Application Developer who loves writing beautiful code and enjoys learning something new everyday.

Thursday, January 31, 2013

Getting Australian POIs from Sensis API

The App

Over the last X-mas/New Year break, I wrote a simple Web app to search for Australian Points-Of-Interest (POIs), such as toilets, petrol stations, rest areas, picnic grounds, hospitals, etc. Other than petrol stations (considered as "business" listings), the rest are mostly non-business entities.

Here is the URL of the app:

http://aus-pois.appspot.com

This web app works on desktop PCs and tablets with the following browsers:- Firefox, Chrome, Safari or the Android default browser. There is also an Android application Aus Pois that renders the JSON feed from this web app.

The Algorithm

This app gets the POI data from the Sensis API (SAPI). This is the same API that powers the Australian Yellow Pages website. Here's the URL to get the nearest POIs within 2 kms of the location, with Category Id 1007397:

http://api.sensis.com.au/ob-20110511/prod/search?location=-37.58317709893027,145.21661812353523&radius=2&sortBy=DISTANCE_ALL_PAGES&sensitiveCategories=true&categoryId=1007397&includePois=true&key=(SAPI key)
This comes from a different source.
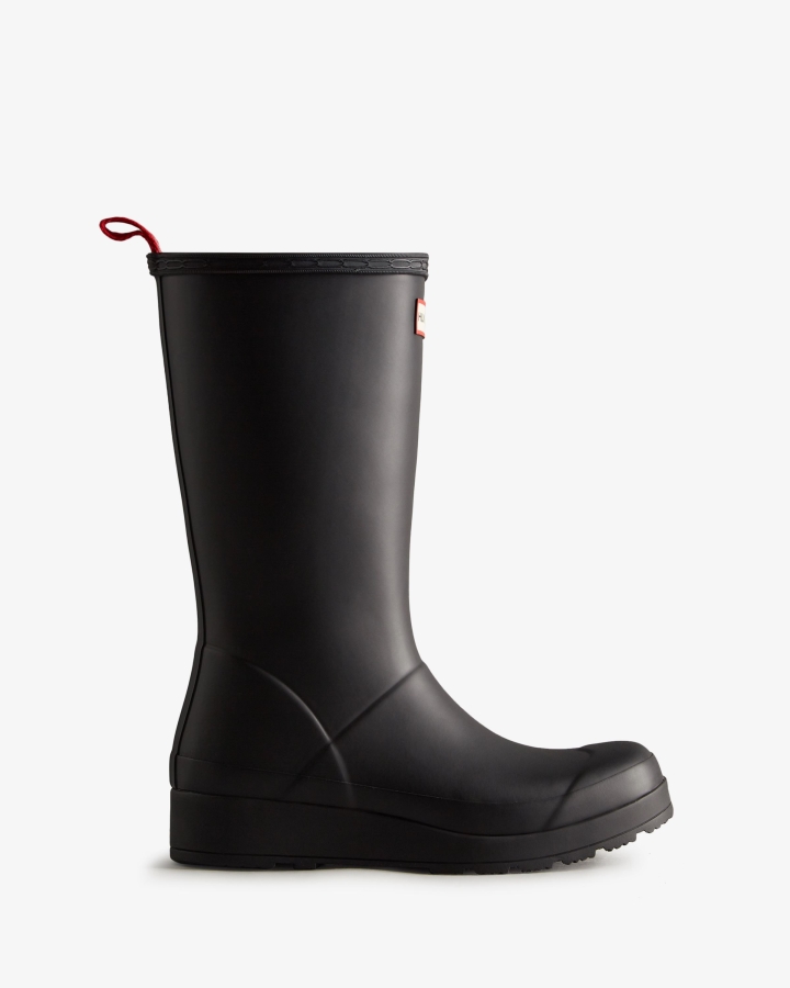 Size/Fit Summary: Slightly larger size,Regular fit. If you are in-between sizes,it is recommended to size down.Simplifying the iconic design of the Original Tall Boot,the Play Boot offers a dynamic silhouette with a flatter platform sole for maximum comfort and versatility. Crafted from the highest quality natural rubber this women's wellington is 100% waterproof. At a stylish mid-calf height,this tall black boot complements street style,festival flair and everything in between,so you can play it your way.We recommend that all Hunter boots be worn with socks to protect the wearer's skin from contact with rubber.WaterproofHandcrafted from natural rubberPolyester liningRe-engineered for a lightweight feelHunter branded moulded outsolePull tab for ease of foot entry

As stated above, petrol stations are considered normal business listings rather than POIs in SAPI, but they can be retrieved together as the real POIs simply by specifying the category ID for "Service Station" in the URL.

The Technology

The Web front-end is done with Google Maps (plus the geometry library), HTML5 (for geolocation and storage) and lots of jQuery goodness.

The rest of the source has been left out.